Nonostante l’arresto la scorsa settimana di Khadim Hussain Rizvi, il leader del partito islamista Tehreek-e-Labaik Pakistan (Tlp), che dopo la scarcerazione di Asia Bibi aveva paralizzato il Paese con violente proteste, non si fermano le minacce degli estremisti musulmani alla famiglia della donna cristiana accusata di blasfemia.
“Nei giorni scorsi hanno sparato sul cancello dell’abitazione in cui ci trovavamo, riceviamo costantemente minacce ed in più di un’occasione sono stato seguito”, ha raccontato alla fondazione pontificia Aiuto alla Chiesa che Soffre, Joseph Nadeem, che da quando la donna è stata posta in carcere nel 2009 si occupa delle sue due figlie, Esha ed Eisham. “Abbiamo paura”, ha confessato Nadeem, che con la sua famiglia vive assieme alle due ragazze. Asia Bibi e suo marito, infatti, si trovano attualmente in un luogo sicuro, sotto la protezione del governo pakistano.

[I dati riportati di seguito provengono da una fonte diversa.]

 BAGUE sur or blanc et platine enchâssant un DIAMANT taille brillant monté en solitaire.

“Gli islamisti ci danno la caccia ed ogni volta che ci accorgiamo di essere in pericolo scappiamo immediatamente”, racconta il tutore delle giovani che dopo la sentenza dei giudici della Corte Suprema del Pakistan hanno dovuto cambiare già quattro abitazioni a causa delle intimidazioni subite. “Non possiamo neanche andare a comprare da mangiare – racconta l’uomo – io esco soltanto di notte e con il volto coperto”.
“È molto preoccupata per le sue figlie”, spiega Nadeem parlando di Asia. Le ragazze non hanno ancora potuto riabbracciare la madre, ma sono in contatto con lei telefonicamente ogni giorno. “Non scorderò mai la loro prima telefonata – ha aggiunto – Esha ed Eisham hanno pianto per ore per la gioia. Asia non vede l’ora di incontrarle e spera di lasciare presto il Paese assieme a loro ed al marito”.

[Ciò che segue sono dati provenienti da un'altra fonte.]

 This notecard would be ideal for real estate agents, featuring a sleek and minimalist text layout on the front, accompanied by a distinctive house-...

Il calvario della donna cristiana condannata a morte e imprigionata per quasi dieci anni con l’accusa di aver insultato il profeta Maometto, quindi, sembra non essersi ancora concluso. Per scampare agli estremisti l’unica soluzione sarebbe quella di “poter lasciare presto il Pakistan per vivere in un luogo sicuro”. Al momento sono diversi i Paesi occidentali che hanno offerto assistenza alla famiglia della donna, ma nessuno finora ha voluto concederle la cittadinanza. Asia Bibi, infatti, è ancora in attesa del passaporto e del visto per espatriare.
“L’attenzione e la solidarietà internazionali ci confortano – spiega l’uomo ad Acs – tutti noi, Asia inclusa, siamo grati a quanti levano la loro voce per denunciare la nostra situazione”. “Speriamo – ha concluso rivolgendosi alla fondazione pontificia – che le nostre due famiglie possano trascorrere questo Natale a Roma, assieme a voi”.